Sabrina n’a pas réussi à accéder à un emploi, du fait d’une scolarité qui ne l’a pas conduite vers un diplôme et une qualification. « Je vis avec l’Allocation Adulte Handicapé, je n’ai pas honte de le dire. J’ai essayé de travailler, quand j’étais à la fondation, dans des formations en secrétariat. Mais même les plus petites taches sont compliquées, il me faut du temps, je ne peux pas faire deux choses en même temps. Il y avait moins d’outils techniques à l’époque, je ne pouvais pas tenir physiquement et mentalement, j’ai des difficultés de coordination de mes mouvements. » Mais elle a connu le grand amour avec un jeune homme valide. « Il ne voyait pas le fauteuil roulant et m’acceptait telle que j’étais, avec ma personnalité qui savait ce que je voulais. Après, je n’ai pas eu de nouvelles relations affectives parce que j’ai eu du mal à m’en remettre, j’ai besoin de reprendre confiance. C’était une belle histoire mais douloureuse, c’était mon premier amour. Je me mettais dans la tête que ça allait se terminer, je me suis mise en échec en pensant que mon fauteuil était la cause, une bête noire pour les relations amoureuses. »

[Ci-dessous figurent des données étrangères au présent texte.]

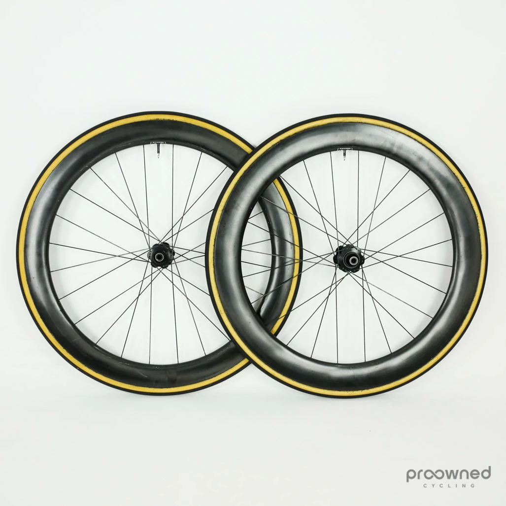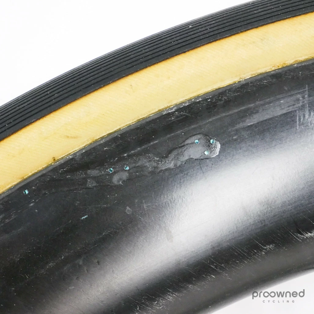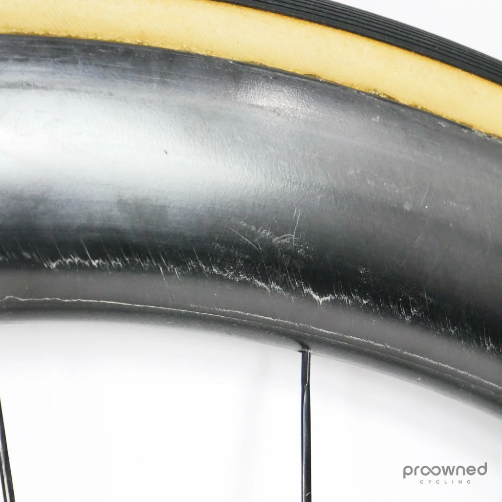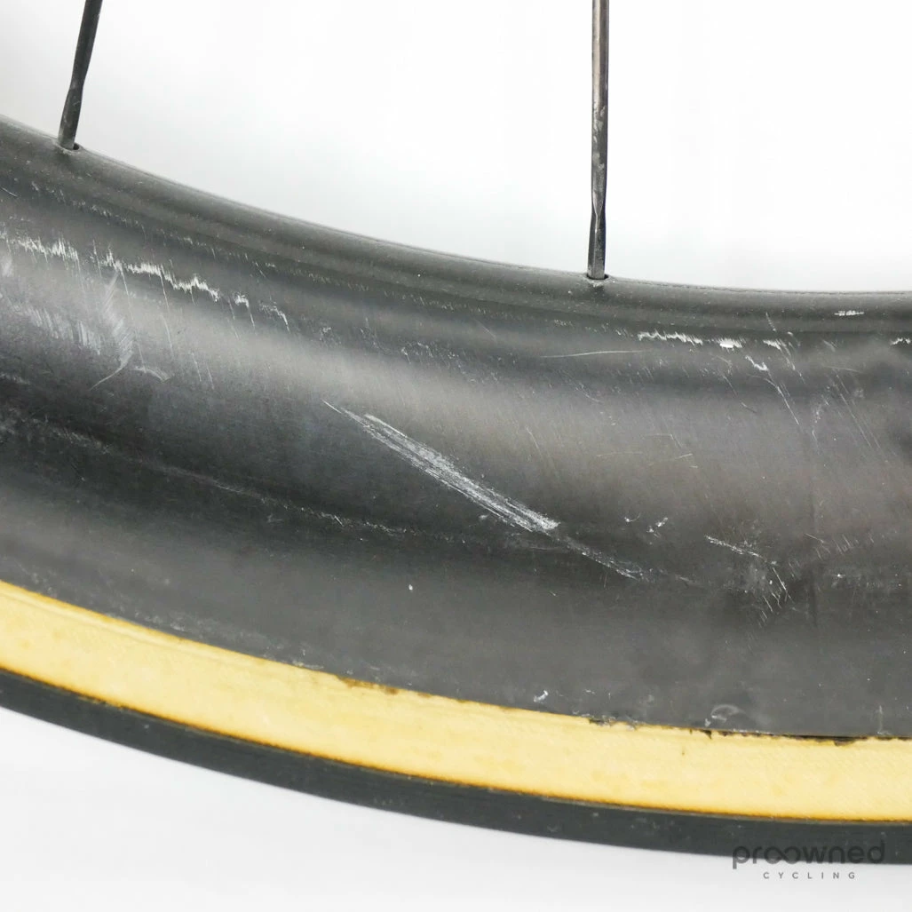 The wheel is used but only shows a few minor cosmetic scratches, nothing that affects the performance of the wheel. The wheelset is equipped with a pair of Vittoria Corsa Graphene 25mm tires. The tires are used but in good condition.

Que lui manque-t-il pour être pleinement heureuse ? « Pas grand chose, même rien du tout ! Comme je dis souvent, je ne peux pas demander plus à la vie, parce que beaucoup de personnes handicapées n’ont pas ce j’ai. Je suis comblée. »

Laurent Lejard, août 2022.

Une fille debout, par Sabrina Dijoux avec Audray Sangoumian, éditions Atlande, 15€ chez l’éditeur.